Abuse in Kink Communities? There’s An App For That.
It’s not an app. It’s really just a piece of script that a hacktivist whipped up, but what it will do is install a warning from a database over the top of a Fetlife profile.
I’ve written before about the role of Fetlife, the Borg of online BDSM, and its rule against naming names of people who violate consent. There has been no meaningful movement from Fetlife on this front.
Hacktivist and kinky person and all-around troublemaker Maymay decided on a DIY solution. He created the Fetlife Alleged Abusers Database Engine. It has been around for a few months, but he has just updated and re-released it.
I’ll stop here to note that Maymay is one of the most polarizing figures I know, and I’m not exactly Mr. Agreeable myself. Maymay is so polarizing, intransigent and infuriating that people I like and respect can’t even say his name without a string of expletives, and call him things like “a bag of mashed assholes.” Hate Maymay? Get in line. But he gets passionately angry about abuse and he won’t just sit around; he does things about it.
[I missed something this August and Fall when I was too busy with other things to blog. Maggie Mayhem, Maymay’s ex, called him out not just for his approach as an activist, where I have a high tolerance for belligerence between activists, but for personal behavior. Making your ex feel threatened and stalked is fucked up.]
The face of the FAADE is a front-end that Maymay wants people to install. But the heart is the database itself, which Maymay also makes available for download without the front-end. That database allows identified or anonymous reporting of allegations of consent violation, with a severity level, a description, date and location. The information is, by design, unverifiable from the database itself. The database can’t tell you what’s true, only what some anonymous person says. And nothing inherently follows from being named in it. No judge bangs a gavel, Fetlife doesn’t delete accounts, no lightning bolt flies down from on high to smite those accused. It’s just … information. If you know what’s been said, you can ask around on your own, and you know what you should be asking about.
You might expect that people would spam the database to make it useless. There are many obvious griefing entries, just junk filled in with silly descriptions. But so what? In fact, sometimes, the patterns of those entries tell a story themselves. Someone named a British kinkster, and the response over the next two days was a flood of obvious griefer traffic, many of the reports made by people who identified themselves and were in fact friends of the guy identified as having violated consent. This is the community response to survivors’ stories, captured in real time, the support for the accused and pressure to shut down disclosure. That swarm had one other nugget in it, though: another report that the accused had violated someone’s consent.
And maybe any particular allegation there isn’t true. But how can someone evaluate its truth if they don’t know what has been said? In the Cycle of Silencing, if the allegation gets ignored and shut down until the accuser goes away in disgust, then by the time there’s a next accuser many people won’t even remember the first, and the pattern that is key to figuring out what really happened will be lost.

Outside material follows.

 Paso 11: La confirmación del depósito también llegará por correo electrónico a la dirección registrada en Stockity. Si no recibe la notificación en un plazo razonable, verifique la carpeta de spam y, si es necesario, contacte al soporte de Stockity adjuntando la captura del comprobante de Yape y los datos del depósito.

A really interesting post. I generally oppose name and shame in the swinging and kink communities as it is open to abuse. However this idea of a database people can choose to look at,then make up their own minds seems like a useful tool. Nothing replaces using your own judgement, but information that is freely available seems like a good thing.
Naming and shaming is open to abuse, sure. But opposing naming and shaming is even MORE open to abuse.

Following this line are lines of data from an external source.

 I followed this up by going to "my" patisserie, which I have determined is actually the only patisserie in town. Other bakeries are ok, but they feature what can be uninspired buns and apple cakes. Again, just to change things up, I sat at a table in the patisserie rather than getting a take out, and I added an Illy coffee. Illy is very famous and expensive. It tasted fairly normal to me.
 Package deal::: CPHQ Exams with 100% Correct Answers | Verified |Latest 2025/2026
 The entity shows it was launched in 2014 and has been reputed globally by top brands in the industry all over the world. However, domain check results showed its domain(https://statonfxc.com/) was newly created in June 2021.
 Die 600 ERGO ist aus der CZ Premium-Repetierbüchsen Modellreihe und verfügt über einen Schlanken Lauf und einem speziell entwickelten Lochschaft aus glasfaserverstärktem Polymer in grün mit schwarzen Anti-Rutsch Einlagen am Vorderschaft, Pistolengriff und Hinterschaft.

We live in a society that makes it hard to come forward, especially for women. Women in the swing and kink communities who come forward with any kind of report of abuse often face enormous backlash from the community. A friend of mine found this out when she reported being raped by a well-known member of the local kink scene (and we’re not talking about unwanted harassment or some kind of edge case here; we’re talking about out-and-out, he-tied-her-up-and-put-his-penis-in-her-without-consent rape). She was ostracized, ridiculed, and blamed for it, until several other women in the scene saw what was happening and said he’d done exactly the same thing to them.
Do false accusations happen? Sure. So do people getting hit by meteorites. They’re so uncommon, though, that opposing naming and shaming in practice becomes little more than a tool to protect abusers.
I think abuse is far, far more common in kink and swing communities than we think it is. I think that part of the reason we don’t understand how common it is is that we make it so difficult and so expensive for victims, especially women, to come forward. And that is not OK.
I have to say it is the idea sharing a kink makes people somehow unable to commit crimes, or that people should protect abusers, that leads me to have allmost nothing to do with the kink community. Until it gets rid of the idea shared sexual tastes somehow tells us anything about someones morals or virtues it will be by its very nature a dangerous place.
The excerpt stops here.